I have no idea if that’s an accurate figure. You’ve got the synapse count and a few bits per synapse ( or maybe more), but you’ve also got to account for the choices of which cells synapse on which other cells, which is also wired and learned exquisite specifically, and so constitutes information storage of some sort.

• I got that from googling around the capacity of the human brain, and I found it via many sources. I definitely think that while this number is surprisingly high, I do think it makes a little sense, especially since I remember that one big issue with AI is essentially the fact that it has way less memory than the human brain, even when computation is similar in level.

• Many of the calculations on the brain capacity are based on wrong assumptions. Is there an original source for that 2.5 PB calculation? This video is very relevant to the topic if you have some time to check it out:

• Reber (2010) was my original source for the claim that the human brain has 2.5 petabytes of memory, but it’s definitely something that got reported a lot by secondary sources like the Scientific American.

• Yep, that’s the source I was looking for to find the original source of the claim.

• From what i’ve seen even the larger synapses store only about 5 bits ish, and the ‘median’ or typical synapse probably stores less than 1 bit in some sense (as the typical brain synapse only barely exists in a probabilistic sense—as in a neuromorphic computer a physical synaptic connection is an obvious but unappreciated prerequisite for a logical synapse, but the former does not necessarily entail the latter: see also quantal synaptic failure).

In my 2022 roadmap I estimated brain capacity at 1e15 bits but that’s probably an overestimate for logical bits.

Also the brain is quite sparse for energy efficiency, but that usually comes at a tradeoff in parameter efficiency.
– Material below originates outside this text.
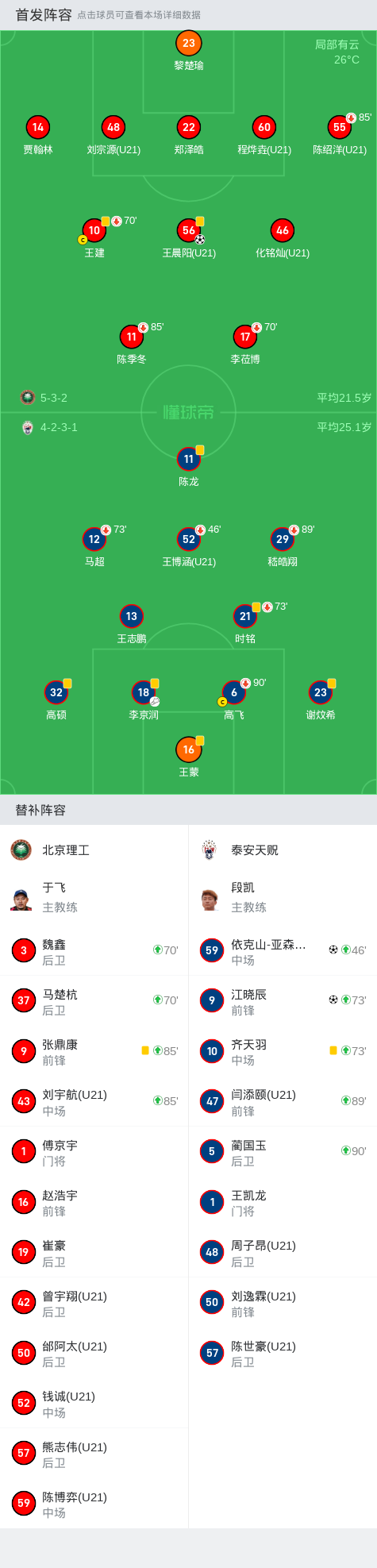 北京时间7月13日,中国足球乙级联赛预赛阶段第16轮,北京理工主场迎战泰安天贶。上半场双方互交白卷,场上局面主队稍占上风。下半场,依克山-亚森江破门,率先打破场上僵局,王晨阳任意球直接破门将比分扳平。齐天羽任意球开到禁区,江晓辰头球破将比分超出。最终泰安天贶客场2-1战胜北京理工。

This is well expored in the various tradeoffs for ANNS that model 3d space (NERFs etc) but generalizes to other modalities. The most parameter efficient models will be more dense but less compute/​energy efficient for inference as a result. There are always more ways to compress the information stored in an ANN, but those optimization directions are extremely unlikely to align with the optimizations favoring more efficient inference via runtime sparsity (and extreme runtime sparsity probably requires redundancy aka anti-compression).

• if the human brain had around 2.5 petabytes of storage, that would decrease my credence in AI being brain-like, because i believe AI is on track to match human intelligence in its current paradigm, so the brain being different just means the brain is different.

• Agreed, and interested in @Noosphere89 elaborating on why you have the opposite intuition.

• Basically, it has to do with the fundamental issue of the Von Neumann bottleneck, and the issue is that there is a massive imbalance between memory and computation, and while LLMs and human brains differ in their algorithms a lot, another non-algorithmic difference is the fact that the human brain has way more memory than pretty much any GPT, as well as basically all AI that exists.

Besides, more memory is good anyways.

And that causes issues when you try simulating an entire brain at high speed, and in particular it becomes a large issue when you have to wait all the time since the compute keeps shuffling around in memory.

• Look into AMD MI300x. Has 192 GB HBM3 memory. With FP4 weights, might run GPT-4 in single node of 8 GPUs, still have plenty to spare for KV. Eliminating cross-node communication easily allows 2x batch size.

Fungibility is a good idea, would take avg. KVUtil from 10% to 30% imo.

• Wow, this is a good argument. Especially if assumptions hold.

1. The ALU computes the input much faster than the results can be moved to the next layer.

2. So if the AI only receives a single user’s prompt, the ALUs waste a lot of time waiting for input.

3. But if many users are sending prompts all the time, the ALUs can be sent many more operations at once (assuming the wires are bottlenecked by speed rather than amount of information they can carry).

4. So if your AI is extremely popular (e.g., OpenAI), your ALUs have to spend less time idling, so the GPUs you use are much more cost-effective.

5. Compute is much more expensive for less popular AIs (plausibly >1000x).